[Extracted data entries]

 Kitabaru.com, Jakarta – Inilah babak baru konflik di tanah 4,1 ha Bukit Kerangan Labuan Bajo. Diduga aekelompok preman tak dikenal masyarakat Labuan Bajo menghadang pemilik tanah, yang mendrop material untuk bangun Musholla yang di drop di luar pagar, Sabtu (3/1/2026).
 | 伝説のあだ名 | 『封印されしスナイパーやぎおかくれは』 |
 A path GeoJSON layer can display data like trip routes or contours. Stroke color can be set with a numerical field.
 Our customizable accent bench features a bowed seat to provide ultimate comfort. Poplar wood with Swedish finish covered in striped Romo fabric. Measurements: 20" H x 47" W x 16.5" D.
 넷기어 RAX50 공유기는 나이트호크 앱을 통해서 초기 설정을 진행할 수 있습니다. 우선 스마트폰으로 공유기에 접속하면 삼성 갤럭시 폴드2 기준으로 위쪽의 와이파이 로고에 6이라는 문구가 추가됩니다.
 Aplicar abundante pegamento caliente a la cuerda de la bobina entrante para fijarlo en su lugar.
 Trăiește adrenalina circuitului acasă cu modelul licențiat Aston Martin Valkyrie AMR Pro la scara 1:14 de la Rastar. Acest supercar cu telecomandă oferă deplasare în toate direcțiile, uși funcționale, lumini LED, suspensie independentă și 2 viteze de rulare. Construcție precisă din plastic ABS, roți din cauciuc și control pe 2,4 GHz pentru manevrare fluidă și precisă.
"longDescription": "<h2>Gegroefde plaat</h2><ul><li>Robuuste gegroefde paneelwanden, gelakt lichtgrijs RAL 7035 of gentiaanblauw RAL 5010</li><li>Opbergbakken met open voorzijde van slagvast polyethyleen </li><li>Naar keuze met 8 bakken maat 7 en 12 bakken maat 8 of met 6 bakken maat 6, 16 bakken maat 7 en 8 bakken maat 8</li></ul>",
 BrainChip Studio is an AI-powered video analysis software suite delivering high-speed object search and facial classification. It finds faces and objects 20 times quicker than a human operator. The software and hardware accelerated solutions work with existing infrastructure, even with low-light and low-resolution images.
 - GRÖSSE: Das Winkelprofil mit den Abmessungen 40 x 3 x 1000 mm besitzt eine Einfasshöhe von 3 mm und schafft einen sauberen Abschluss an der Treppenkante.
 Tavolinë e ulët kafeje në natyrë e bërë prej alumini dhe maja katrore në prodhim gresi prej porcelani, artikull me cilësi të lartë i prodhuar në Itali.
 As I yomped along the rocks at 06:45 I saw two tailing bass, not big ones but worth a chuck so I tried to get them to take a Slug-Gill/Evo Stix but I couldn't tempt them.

:: Activity ::
Down to the last line, restate the records exactly.

:: Answer to this problem ::
 Kitabaru.com, Jakarta – Inilah babak baru konflik di tanah 4,1 ha Bukit Kerangan Labuan Bajo. Diduga aekelompok preman tak dikenal masyarakat Labuan Bajo menghadang pemilik tanah, yang mendrop material untuk bangun Musholla yang di drop di luar pagar, Sabtu (3/1/2026).
 | 伝説のあだ名 | 『封印されしスナイパーやぎおかくれは』 |
 A path GeoJSON layer can display data like trip routes or contours. Stroke color can be set with a numerical field.
 Our customizable accent bench features a bowed seat to provide ultimate comfort. Poplar wood with Swedish finish covered in striped Romo fabric. Measurements: 20" H x 47" W x 16.5" D.
 넷기어 RAX50 공유기는 나이트호크 앱을 통해서 초기 설정을 진행할 수 있습니다. 우선 스마트폰으로 공유기에 접속하면 삼성 갤럭시 폴드2 기준으로 위쪽의 와이파이 로고에 6이라는 문구가 추가됩니다.
 Aplicar abundante pegamento caliente a la cuerda de la bobina entrante para fijarlo en su lugar.
 Trăiește adrenalina circuitului acasă cu modelul licențiat Aston Martin Valkyrie AMR Pro la scara 1:14 de la Rastar. Acest supercar cu telecomandă oferă deplasare în toate direcțiile, uși funcționale, lumini LED, suspensie independentă și 2 viteze de rulare. Construcție precisă din plastic ABS, roți din cauciuc și control pe 2,4 GHz pentru manevrare fluidă și precisă.
"longDescription": "<h2>Gegroefde plaat</h2><ul><li>Robuuste gegroefde paneelwanden, gelakt lichtgrijs RAL 7035 of gentiaanblauw RAL 5010</li><li>Opbergbakken met open voorzijde van slagvast polyethyleen </li><li>Naar keuze met 8 bakken maat 7 en 12 bakken maat 8 of met 6 bakken maat 6, 16 bakken maat 7 en 8 bakken maat 8</li></ul>",
 BrainChip Studio is an AI-powered video analysis software suite delivering high-speed object search and facial classification. It finds faces and objects 20 times quicker than a human operator. The software and hardware accelerated solutions work with existing infrastructure, even with low-light and low-resolution images.
 - GRÖSSE: Das Winkelprofil mit den Abmessungen 40 x 3 x 1000 mm besitzt eine Einfasshöhe von 3 mm und schafft einen sauberen Abschluss an der Treppenkante.
 Tavolinë e ulët kafeje në natyrë e bërë prej alumini dhe maja katrore në prodhim gresi prej porcelani, artikull me cilësi të lartë i prodhuar në Itali.
 As I yomped along the rocks at 06:45 I saw two tailing bass, not big ones but worth a chuck so I tried to get them to take a Slug-Gill/Evo Stix but I couldn't tempt them.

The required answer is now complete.